● **Records provided**
----------------------------------------

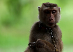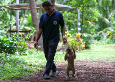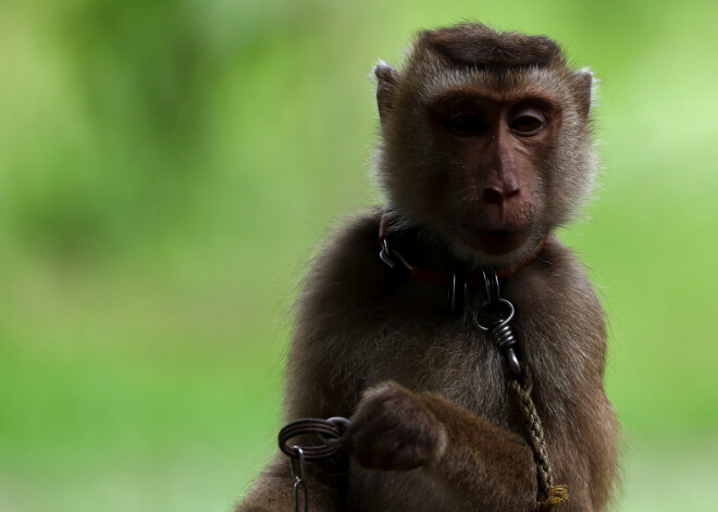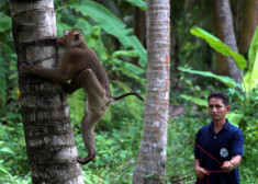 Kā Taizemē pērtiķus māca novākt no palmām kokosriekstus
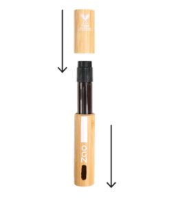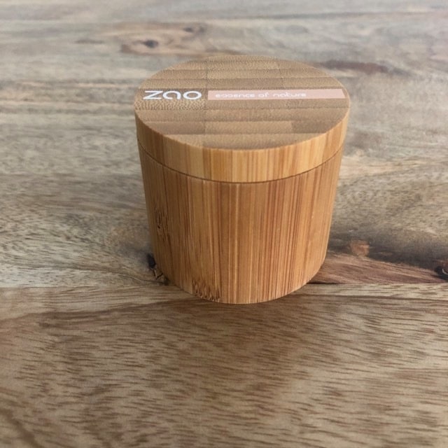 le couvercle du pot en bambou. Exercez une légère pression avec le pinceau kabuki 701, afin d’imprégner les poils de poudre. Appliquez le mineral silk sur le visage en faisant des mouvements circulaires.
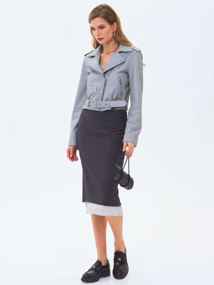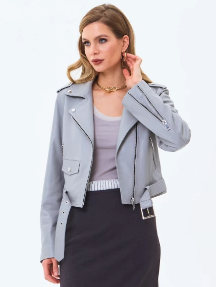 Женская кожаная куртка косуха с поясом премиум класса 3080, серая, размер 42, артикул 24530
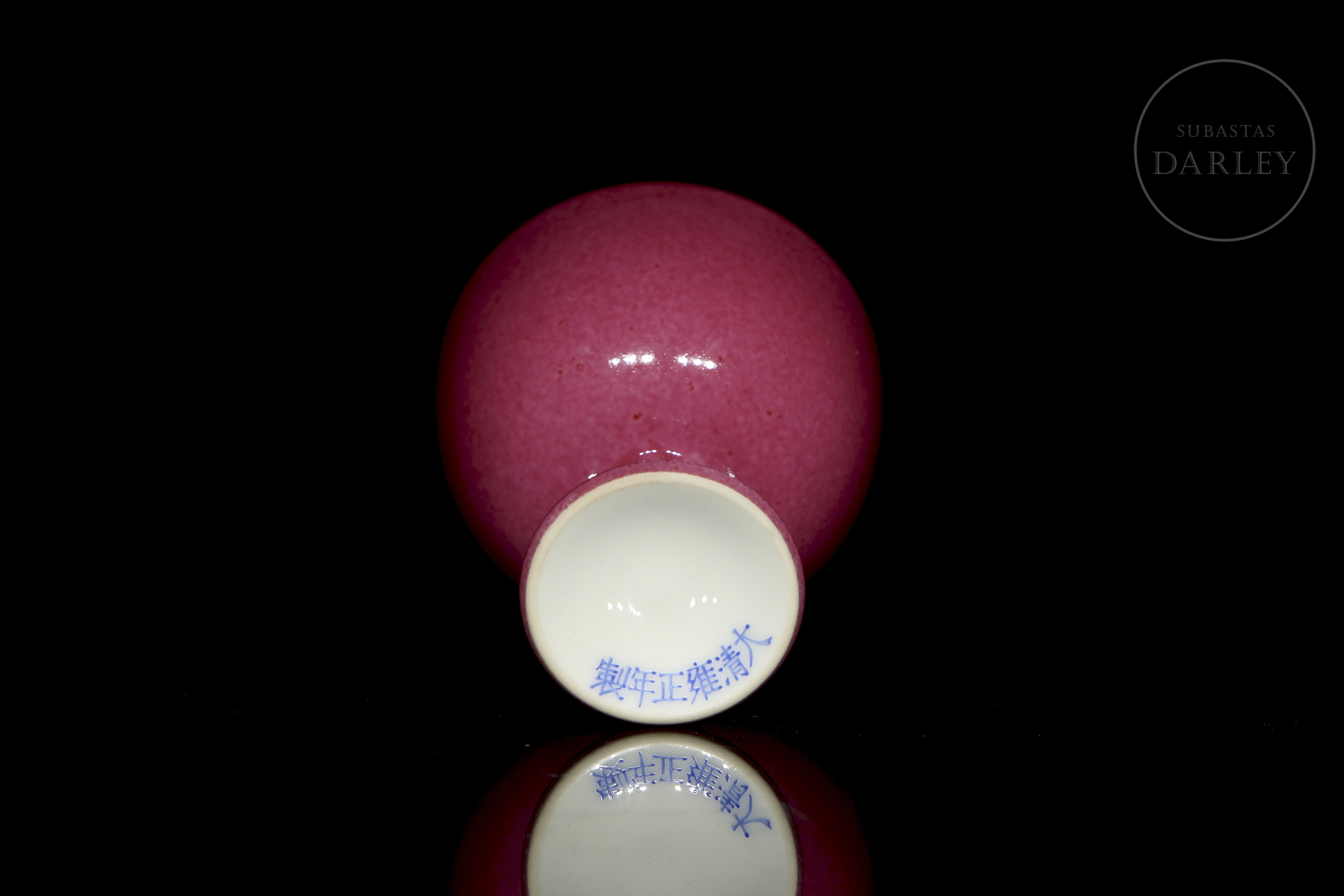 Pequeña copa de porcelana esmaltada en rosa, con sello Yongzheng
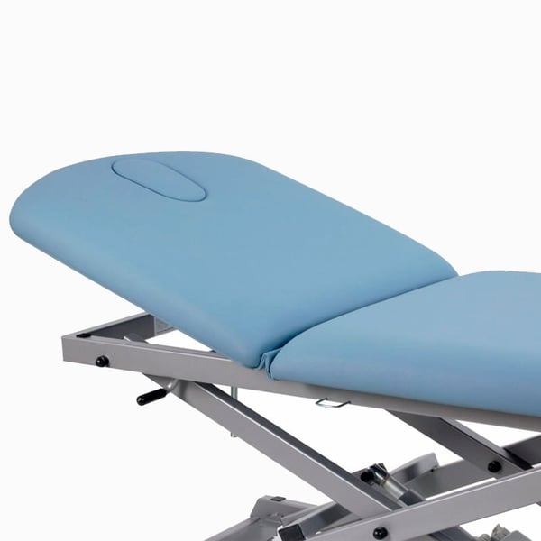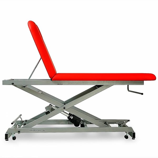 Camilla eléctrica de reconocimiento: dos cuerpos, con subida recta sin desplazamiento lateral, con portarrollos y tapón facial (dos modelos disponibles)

----------------------------------------

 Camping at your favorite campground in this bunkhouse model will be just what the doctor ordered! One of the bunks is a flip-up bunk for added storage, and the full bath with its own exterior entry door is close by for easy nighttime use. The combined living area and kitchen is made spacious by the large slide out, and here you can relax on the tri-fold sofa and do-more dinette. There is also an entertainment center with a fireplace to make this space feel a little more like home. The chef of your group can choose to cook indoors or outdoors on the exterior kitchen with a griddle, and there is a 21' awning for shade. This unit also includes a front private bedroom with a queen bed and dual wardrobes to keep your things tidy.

----------------------------------------

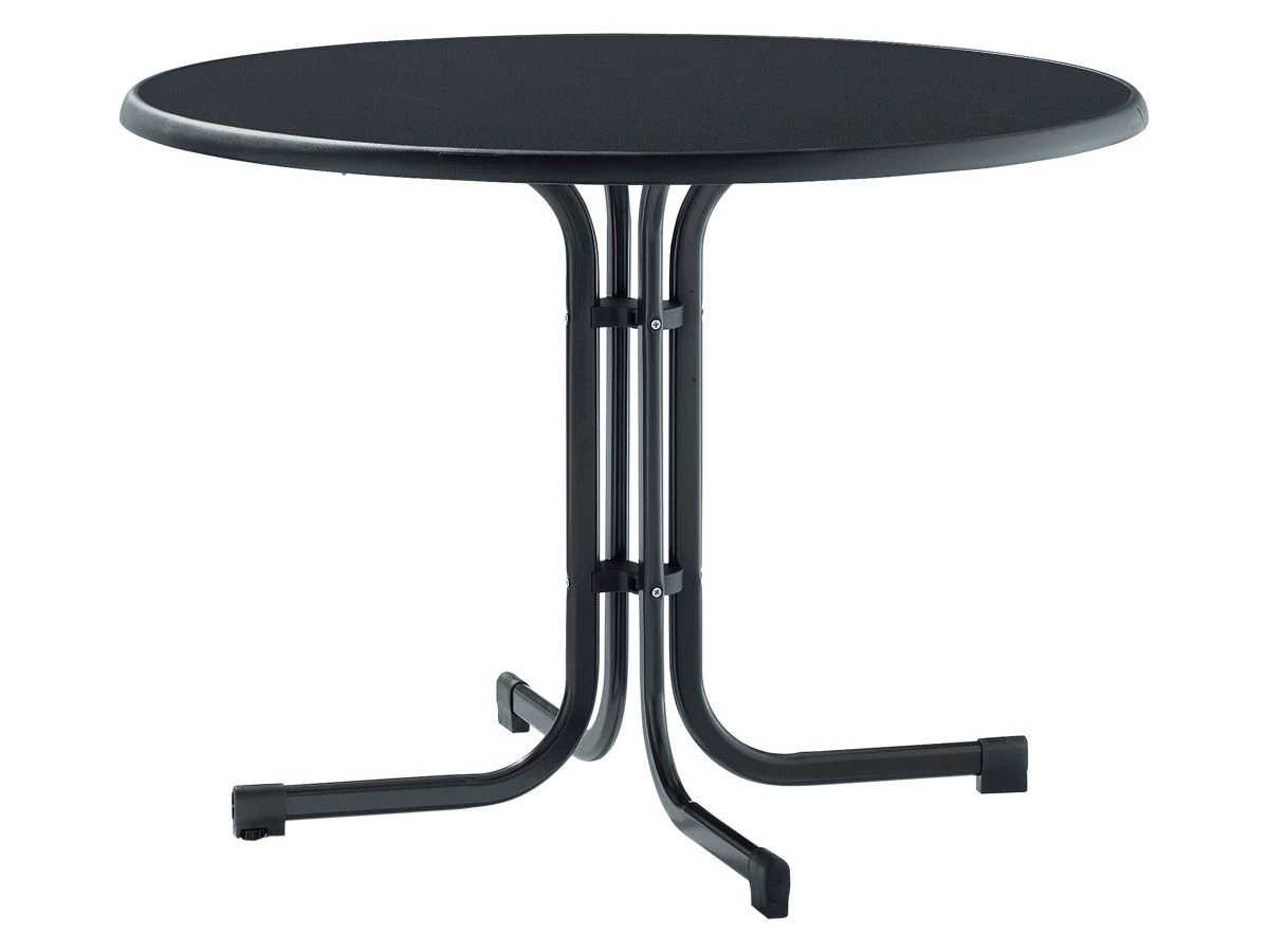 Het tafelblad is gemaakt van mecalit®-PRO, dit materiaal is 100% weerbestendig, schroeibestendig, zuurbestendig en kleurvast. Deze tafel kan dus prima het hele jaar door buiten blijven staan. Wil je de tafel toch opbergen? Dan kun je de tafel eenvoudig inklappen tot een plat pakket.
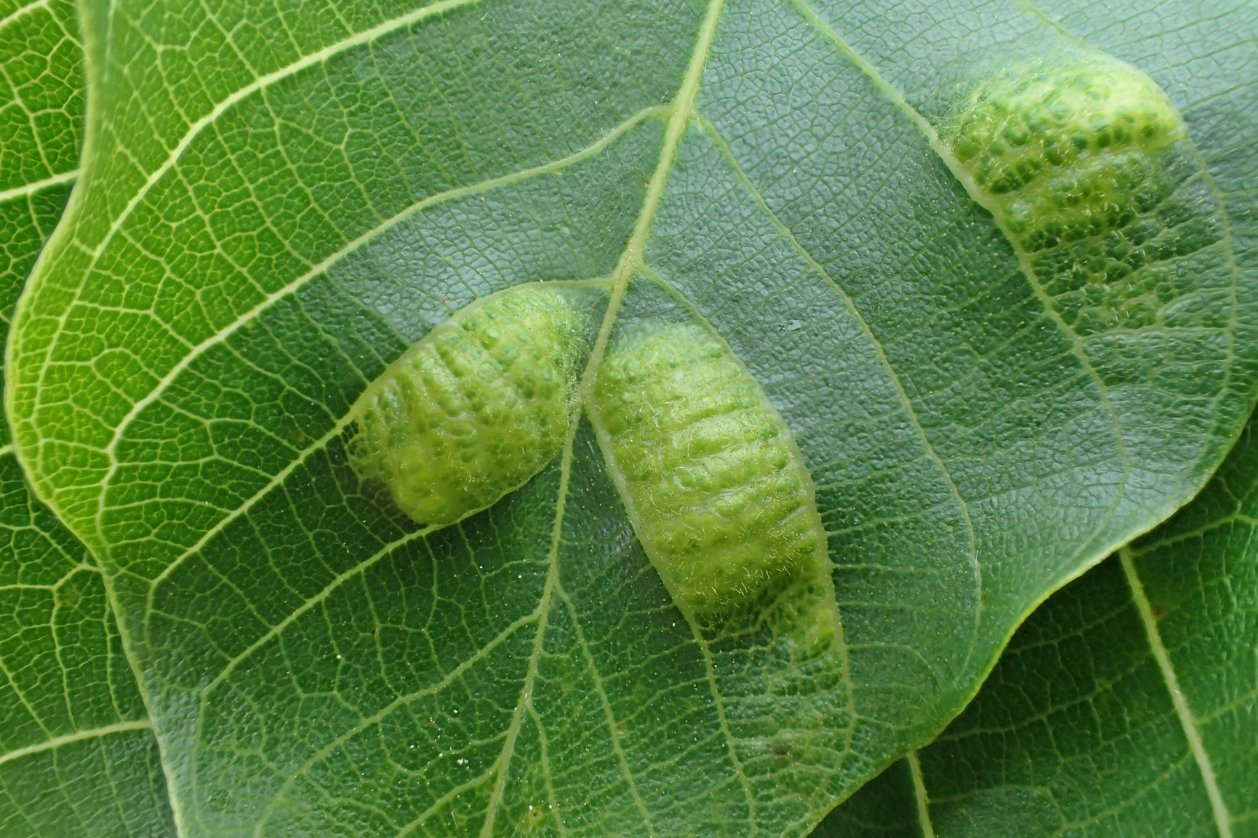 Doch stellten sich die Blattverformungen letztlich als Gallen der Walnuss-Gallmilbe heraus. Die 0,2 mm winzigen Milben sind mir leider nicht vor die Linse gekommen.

----------------------------------------

● **Work task**
Output exactly the lines above, from the line with "Het tafelblad is" to the line with "Doch stellten sich", both included; skip the pictures.

● **Output of the exercise**
 Het tafelblad is gemaakt van mecalit®-PRO, dit materiaal is 100% weerbestendig, schroeibestendig, zuurbestendig en kleurvast. Deze tafel kan dus prima het hele jaar door buiten blijven staan. Wil je de tafel toch opbergen? Dan kun je de tafel eenvoudig inklappen tot een plat pakket.
 Doch stellten sich die Blattverformungen letztlich als Gallen der Walnuss-Gallmilbe heraus. Die 0,2 mm winzigen Milben sind mir leider nicht vor die Linse gekommen.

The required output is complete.